#### [Data]
* * * *
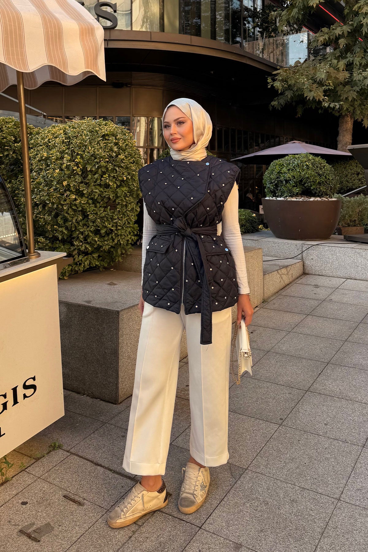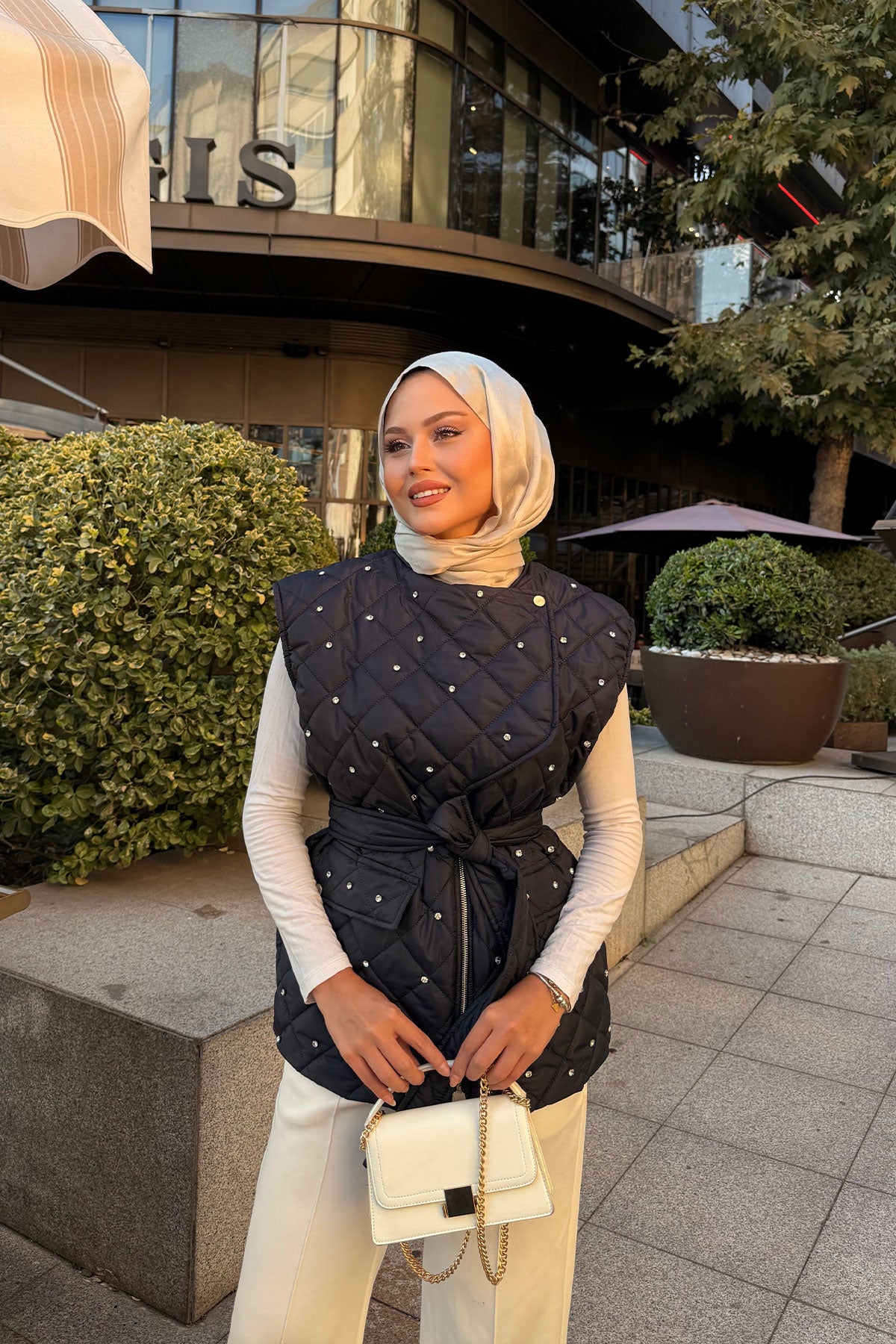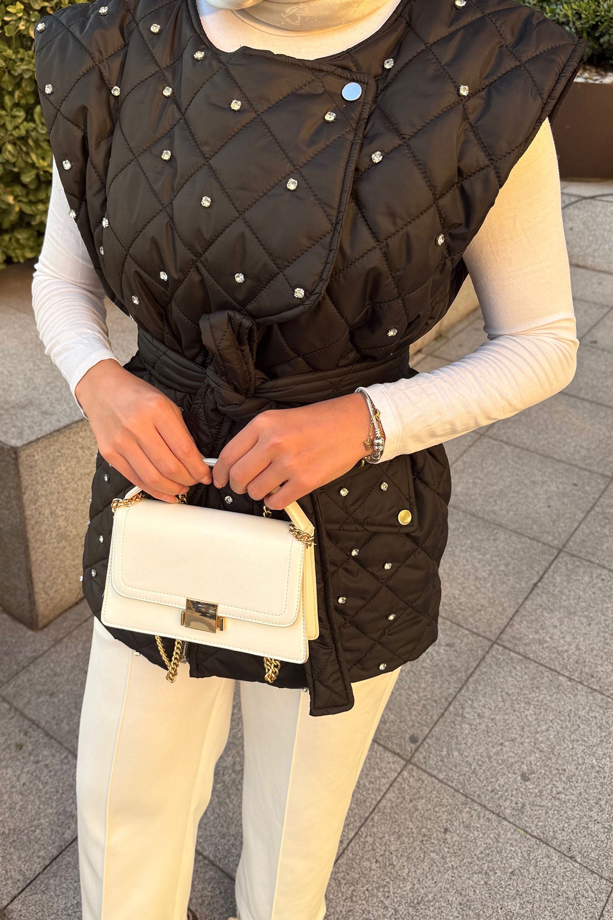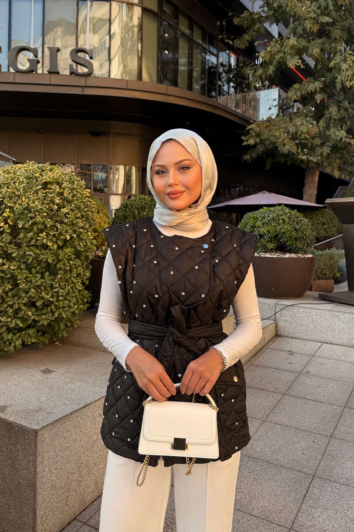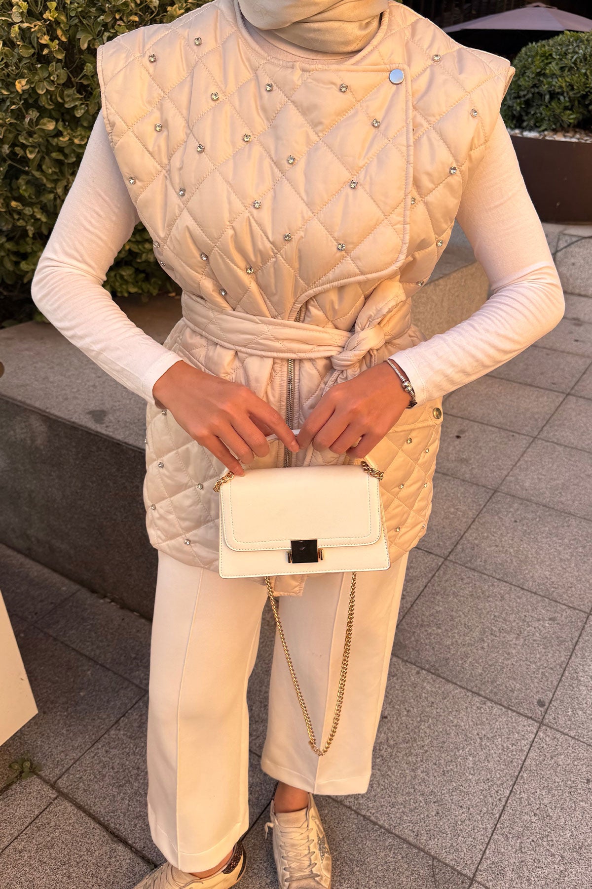 Taş Detaylı Kapitone Yelek Haki Yeşil
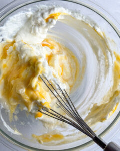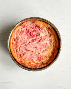 Strain the cheesecake batter – If you see any lumps in your batter, it’s better to strain it rather than continuing to whisk which risks over-mixing the batter. By straining the batter, you get all the lumps out without over-mixing!
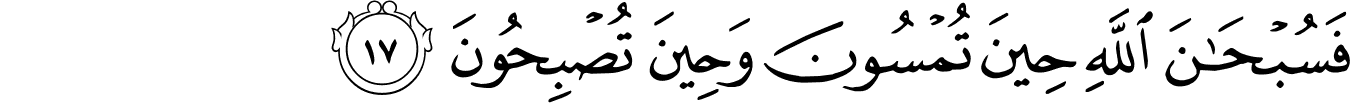 | 30:17:1 | فَسُبۡحٰنَ | فَسُبْحٰنَ | فَسُبْحٰنَ | فَسُبْحٰنَ | فَسُبْحٰنَ | فَسُبْحَـٰنَ | فسبحـن | فَسُبْحَٰنَ | ﭝ | فَسُبْحَٰنَ | فَسُبْحَانَ | فسبحان | فَسُبۡحَٰنَ |
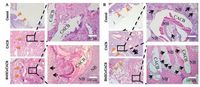 | Figure 5. Bone defect repair in rabbit mandibles defect models after implantation of auto-BMSCs/CACB. (A) Histological analysis of new bone formation by hematoxylin and eosin (H & E) staining at 4 weeks. (B) Histological analysis of new bone formation and growth of blood vessels by H & E staining at 12 weeks. (NB, nascent bone, BV, blood vessels; Orange arrow denote boundary of bone defects; Black arrows denote new blood vessels). | |
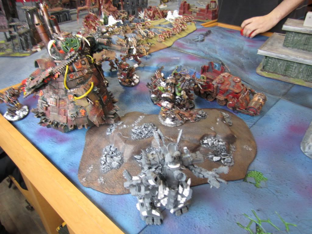 On the right flank, the Orks massed in a green tide, with a Stompa and a roaring Squiggoth towering above the Greenskins. A few Tyranid beasts stalked amongst the Greenskins as well.
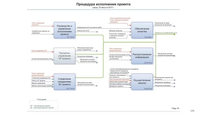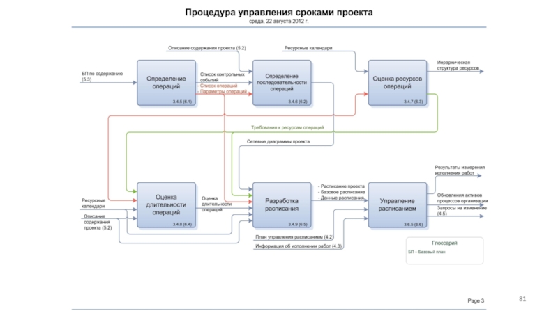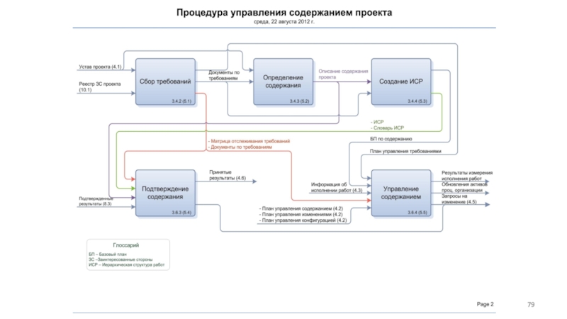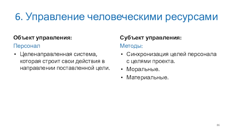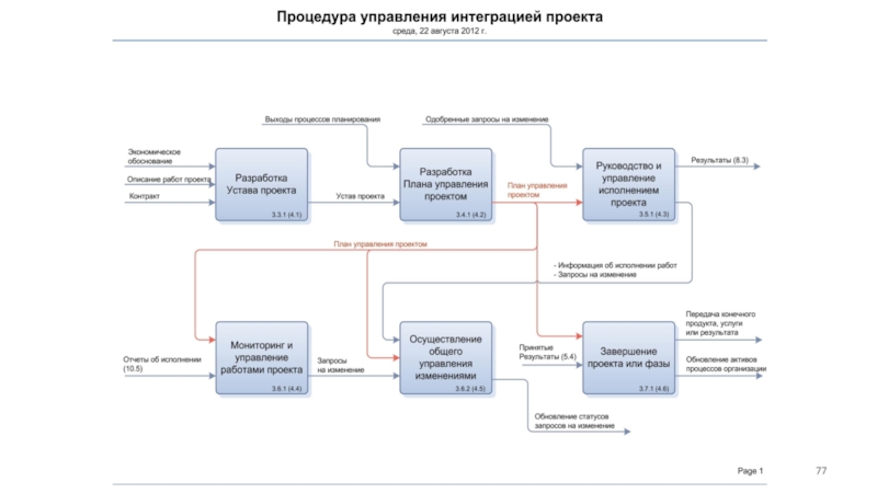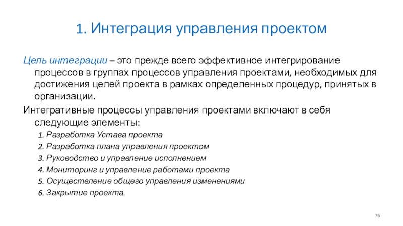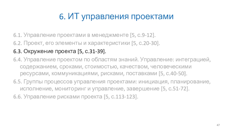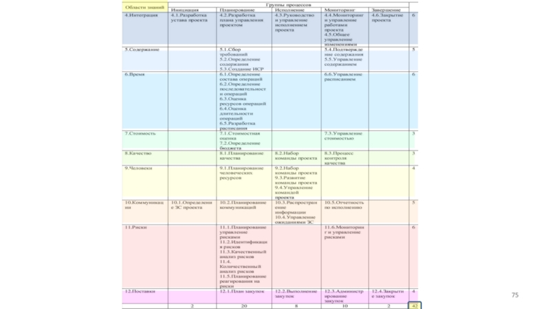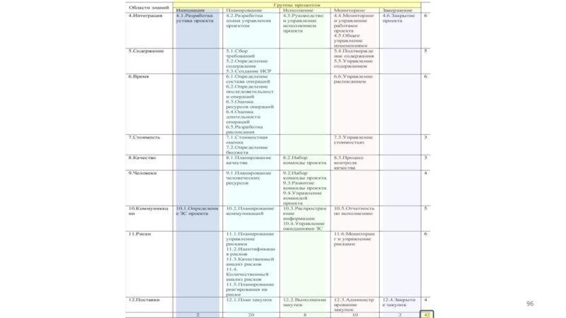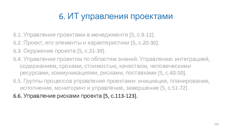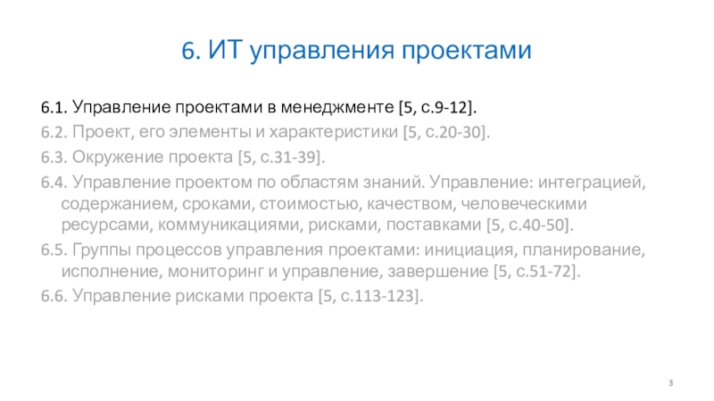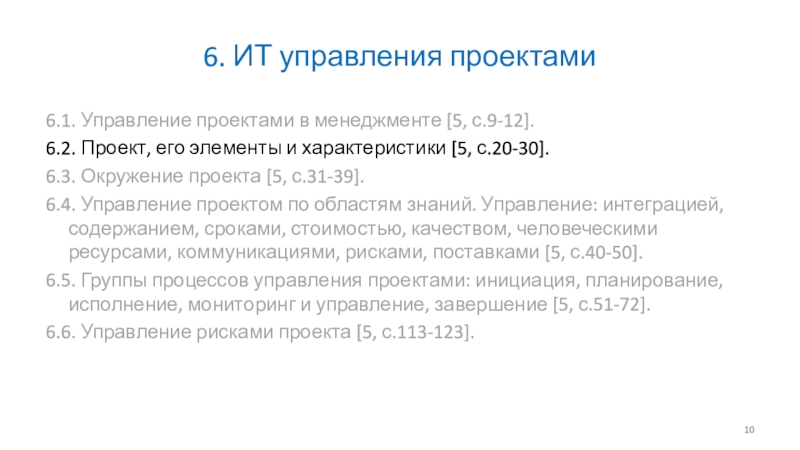 6.4. Управление проектом по областям знаний. Управление: интеграцией, содержанием, сроками, стоимостью, качеством, человеческими ресурсами, коммуникациями, рисками, поставками [5, с.40-50].
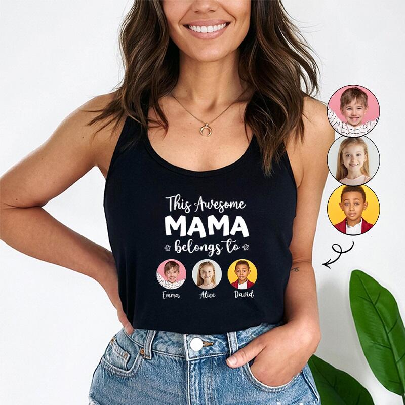 Camiseta sin mangas personalizada "Esta increíble mamá pertenece a" Foto personalizada para niños Regalo perfecto para el Día de la Madre
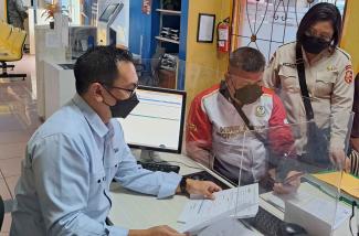 Penyuluh Kantor Pelayanan Pajak (KPP) Pratama Sukabumi Rudiatna memberikan asistensi pelaporan SPT Tahunan PPh Orang Pribadi melalui e-Filing kepada anggota Kepolisian Resor Kota (Polresta) Sukabumi Johan Effendi di Helpdesk KPP Pratama Sukabumi, Jalan R.E Martadinata no.1, Cikole, Kota Sukabumi (Rabu, 14/1).
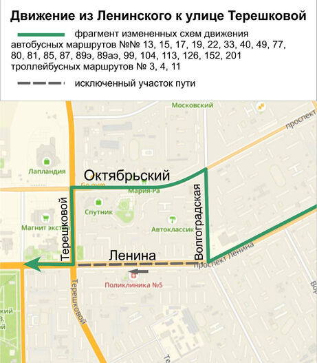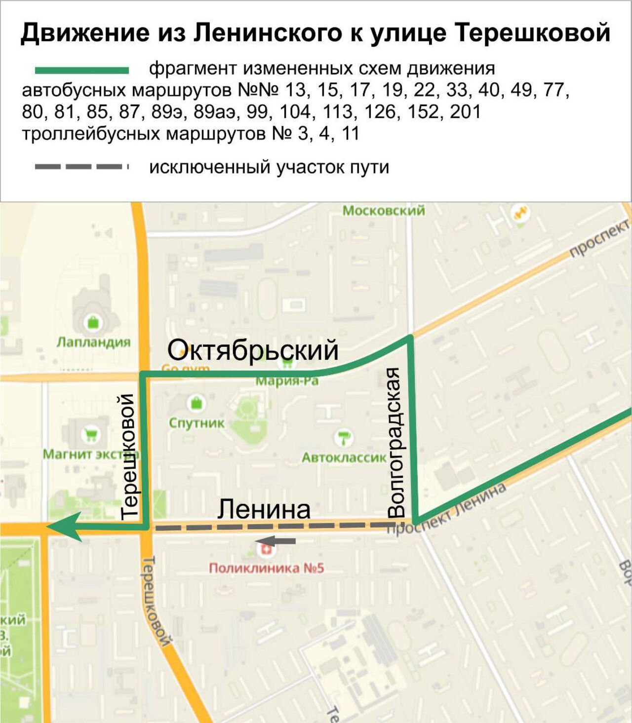 Из Ленинского района к улице Терешковой поедут автобусы № 13, 15, 17, 19, 22, 33, 40, 49, 77, 80, 81, 85, 87, 89э, 89аэ, 99, 104, 113, 126, 152, 201 и троллейбусы № 3, 4, 11. Транспорт проследует по проспекту Ленина до улицы Волгоградской. Затем – на проспект Октябрьский, оттуда – на улицу Терешковой и вновь – по проспекту Ленина далее по маршруту.
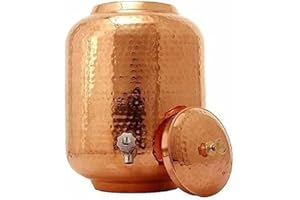 USA Deals 365 伝統的アーユルヴェーダ 純ハンマー銅ウォーターディスペンサー 銅ウォーターグラス2個付き (ポット4リットル/1.05ガロン)
* * * *
#### [Exercise aim]
Please transcribe, word for word, every line from the one containing "Из Ленинского района" through the last line of the records, both included, and leave the pictures out.

#### [Response box]
 Из Ленинского района к улице Терешковой поедут автобусы № 13, 15, 17, 19, 22, 33, 40, 49, 77, 80, 81, 85, 87, 89э, 89аэ, 99, 104, 113, 126, 152, 201 и троллейбусы № 3, 4, 11. Транспорт проследует по проспекту Ленина до улицы Волгоградской. Затем – на проспект Октябрьский, оттуда – на улицу Терешковой и вновь – по проспекту Ленина далее по маршруту.
 USA Deals 365 伝統的アーユルヴェーダ 純ハンマー銅ウォーターディスペンサー 銅ウォーターグラス2個付き (ポット4リットル/1.05ガロン)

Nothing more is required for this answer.